Scholl-Latour: Das ist bereits geschehen. Im Libanon ist die Hisbollah die stärkste militärische Kraft. Im Irak ist der Krieg zwischen Hisbollah und Sunniten und Schiiten in vollem Gange.

Ein Blick nach Afghanistan: Wie schätzen Sie die Lage dort nach dem angekündigten Abzug der amerikanischen Truppen ein?

Scholl-Latour: Der amerikanische Verteidigungsminister hat eine Erklärung abgegeben, dass sich alles zum Besseren wende. Das ist gelogen. Die Situation hat sich verschlechtert. Die Nationalarmee, die vom Westen aufgestellt wurde, ist in keiner Weise zuverlässig und verursacht Verluste in den Reihen der Nato. Wie dort 2014 Sicherheit herrschen soll, ist mir unklar.

Welche Fehler hat der Westen dort gemacht?

Scholl-Latour: Alle, die man nur machen konnte. Dieser Feldzug nach dem 11. September 2001 war psychologisch verständlich. Aber dann hätte man sehen müssen, dass man die Taliban zunächst mal zerschlägt. Ab 2003 war sicher, dass die Sache schief gelaufen war und dass Hamid Karsai sich nicht halten können würde.

Wird der Konflikt zwischen Israel und Palästina auch künftig den Gewittersturm der Weltpolitik anfachen?

Scholl-Latour: Die Israelis haben 2006 im Krieg mit der Hisbollah im Libanon einen Rückschlag erlebt, damit hatte dort niemand gerechnet. Derzeit ist es an der libanesischen Grenze ja ruhig. Aber wenn die Moslem-Brüder in Syrien die Macht ergreifen, dann wird die Grenze am Golan auch nicht mehr sicher sein.

Wird sich das Verhältnis zwischen Israelis und Palästinensern durch die arabische Revolution ändern?

Scholl-Latour: Das Verhältnis wird sich zusehends verschlechtern. Von israelischer Seite ist ja bereits gesagt worden, dass mit einem palästinensischen Staat nicht zu rechnen sei. Und wenn man auf die Landkarte schaut, ist das auch geografisch gar nicht möglich.
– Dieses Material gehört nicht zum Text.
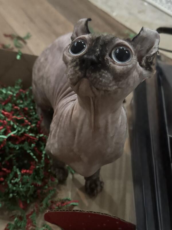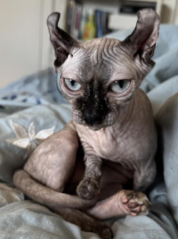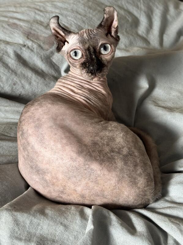 message mamamoe about this ad Meet Bettye Boop aka Morla the tiny 1 yr old Dwelf! I kept her back for my program but have decided to make her available for adoption since Im not currently breeding and must downsize for upcoming move. Shes is healthy and felv/neg, UTD on vaccines, including Rabies certificate, with 3 healthy vet checks. Including recent one in January. She LOVES music and will come running if you play it loudly or sing and join you! Other than that shes not a big talker and is relaxed but playful-not demanding. She gets along with everyone and is so sweet and easy to have around. Just an excellent natured adorable tiny sweetheart. Will make you laugh daily with her fast ferret like run! Her mom is a dilute tiger Calico Elf and her dad is a black Bambino so she is a beautiful dilute tortie. She has huge very light blue gorgeous eyes-no AI here! Shes is accustomed to nail trims and ear cleans and doesnt need regular bathing and she has perfect skin that is naked, but not oily and doesnt get dirty. No allergies and eats a variety of kibble, canned, and freeze dried raw-her favorite are purr pops! Shes ready to join her new family and fill you with joy and laughs for many years to come! Shes a peacemaker and Ive never even heard her hiss in her life. Talk to you soon about adding this baby to your tribe! message mamamoe about this ad |

Welche Interessen sollte die deutsche Außenpolitik im Hinblick auf die arabische Revolution verfolgen?

Scholl-Latour: Die deutsche Politik soll sich aus den Sachen raushalten. Wir können nur unsere Karten verderben. Die Deutschen sind in der islamischen Welt beliebt. Da hat keiner was gegen uns. Ich weiß nicht, warum wir Sanktionen gegen den Iran verhängen, wir haben doch keine Konflikte. Wir sollten aufhören uns zu äußern, als würde Wilhelm II. noch leben.
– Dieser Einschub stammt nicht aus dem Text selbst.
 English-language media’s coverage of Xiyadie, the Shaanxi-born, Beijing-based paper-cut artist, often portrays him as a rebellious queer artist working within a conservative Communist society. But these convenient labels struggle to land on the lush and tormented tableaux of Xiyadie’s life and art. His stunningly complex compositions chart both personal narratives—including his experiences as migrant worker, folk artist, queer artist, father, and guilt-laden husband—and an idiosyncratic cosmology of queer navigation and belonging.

Der deutsch-französische Autor und Fernsehjournalist Dr. Peter Scholl-Latour (88) gilt als einer der versiertesten Kenner der arabischen Welt. Er wurde 1924 in Bochum geboren. Nach dem Abitur am Kasseler Wilhelmsgymnasium studierte Scholl-Latour Philologie und Politologie in Mainz, Paris und Beirut. Er ist verheiratet, Vater eines Sohnes aus erster Ehe und hat Wohnsitze in Berlin, Paris und Nizza. Gestern ist sein neues Buch „Die Welt aus den Fugen: Betrachtungen zu den Wirren der Gegenwart“ erschienen (Propyläen Verlag, 24,99 Euro).